Material for this task START
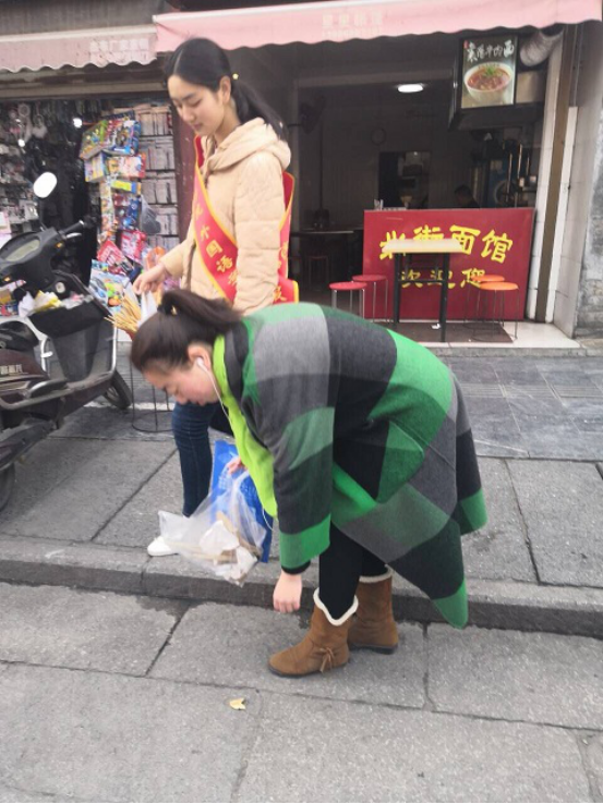 (志愿者们正在北街捡拾垃圾)(陈梦婷 摄)
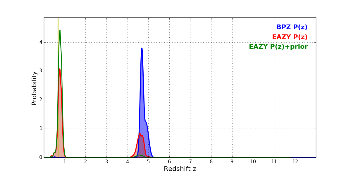 In P(z) plots: Yellow lines mark the cluster redshift z = 0.677,
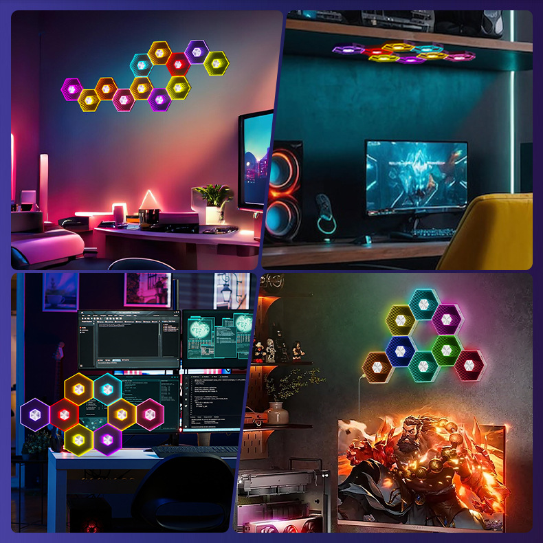 Квантовое Зеркало Шестиугольная Соты Свет Звуковое Управление Подъем Сборка DIY Стенная Лампа Игровая Атмосфера Свет Приложение
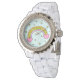 Add a touch of whimsy to your wardrobe with our Rhinestone White Enamel Watch. This enchanting timepiece features a delicate rainbow design on the face, with pink hearts at each end and little stars scattered around it, all set against a serene light blue background. The sparkling rhinestones on the bezel add a luxurious touch, making this watch both playful and elegant. Perfect for any occasion, this watch effortlessly combines charm and sophistication. The white enamel band ensures a comfortable fit, while the colourful design brings a cheerful and uplifting vibe to your day. Let this delightful watch be a reminder to always look for the rainbow after the rain.
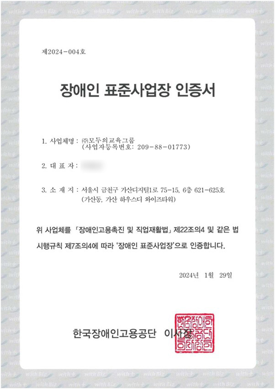고용노동부인증기관 및 장애인 채용 업무를 담당하고 있는 모두의교육그룹입니다.
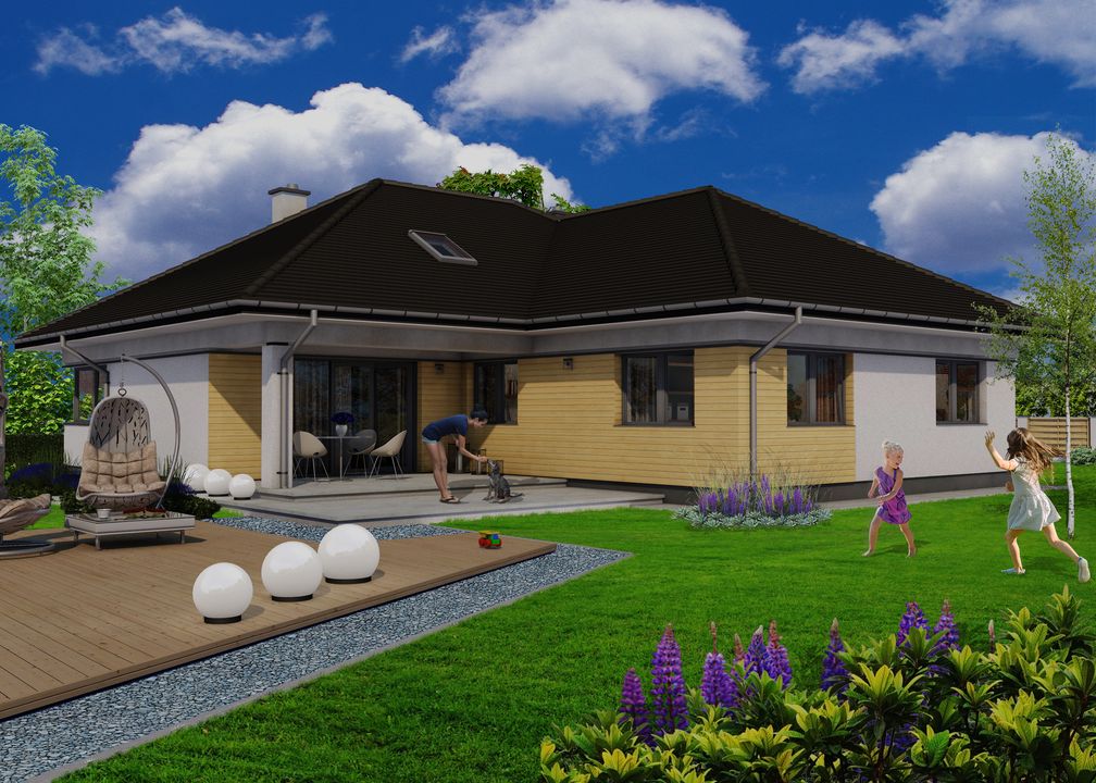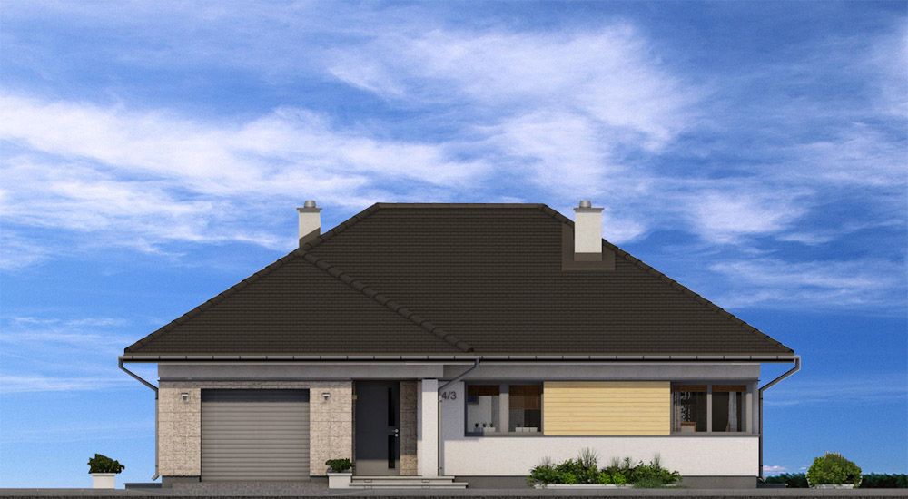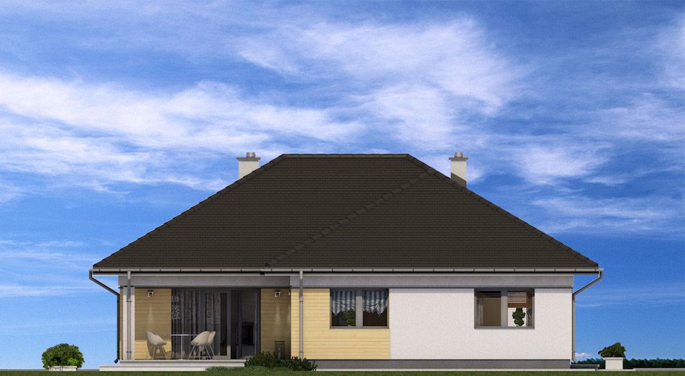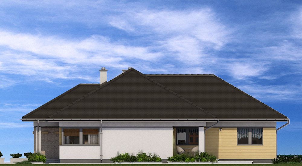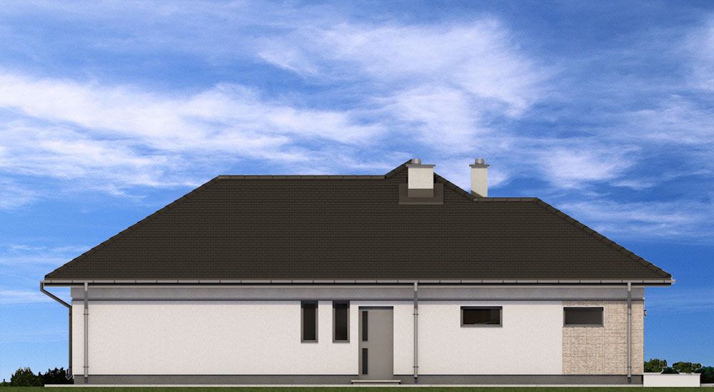 Graficzne opracowanie rzutów poglądowych widocznych na karcie projektu zostało wykonane przez Extradom.pl. Prezentowane przez Extradom.pl wizualizacje wykonane zostały przez autora projektu i należy poczytywać je jedynie za przykład i propozycję wykończenia, wizję architektoniczną autora projektu. Ostateczne wykończenie budynku może nastąpić na wiele sposobów. Szczegółowe rozwiązania zastosowane w oferowanej dokumentacji - w tym również ilość, lokalizacje i wygląd okien, drzwi, kominów - mogą w niewielkim stopniu różnić się od prezentowanej wizualizacji budynku.
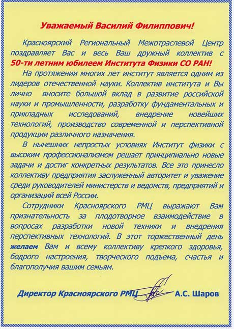 Вы здесь: Главная / Документы / Поздравления с 50-летием Института / Красноярский региональный межотраслевой центр
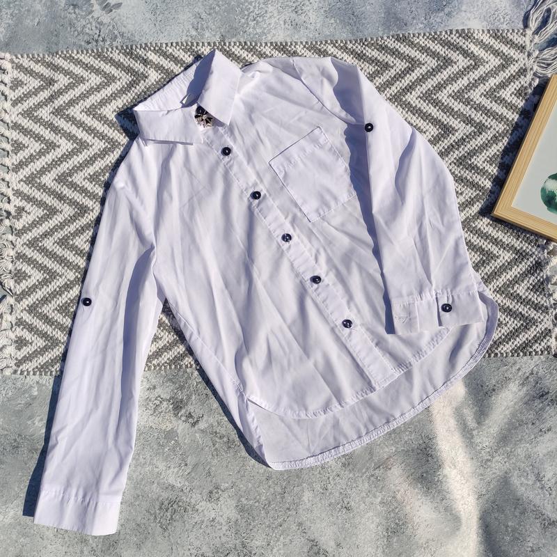 Класична рубашка із брошкою, гудзики темно-сині, якість 💥. На останньому фото є дефект від брошки, але його не помітно, якщо чимсь закрити. довжина від плеча по передній частині 52 см ПОГ 40 см рукав від шва 51 см дивіться інші оголошення, ще є спідниця, яка ідеально підходить до рубашки
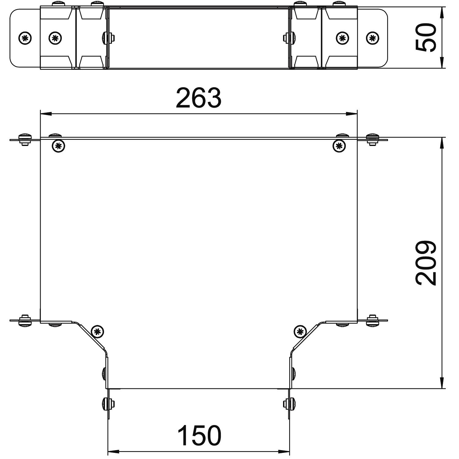 Single Compartment Tee Top Cover, Pre-Galvanised Steel to suit Cable Trunking 150mm x 50mm
Material for this task END
■ What you should do ■
Copy the lines from the line that contains "Класична рубашка із" through the end of the records, exactly and with nothing added; leave the pictures out.

■ Result below ■
 Класична рубашка із брошкою, гудзики темно-сині, якість 💥. На останньому фото є дефект від брошки, але його не помітно, якщо чимсь закрити. довжина від плеча по передній частині 52 см ПОГ 40 см рукав від шва 51 см дивіться інші оголошення, ще є спідниця, яка ідеально підходить до рубашки
 Single Compartment Tee Top Cover, Pre-Galvanised Steel to suit Cable Trunking 150mm x 50mm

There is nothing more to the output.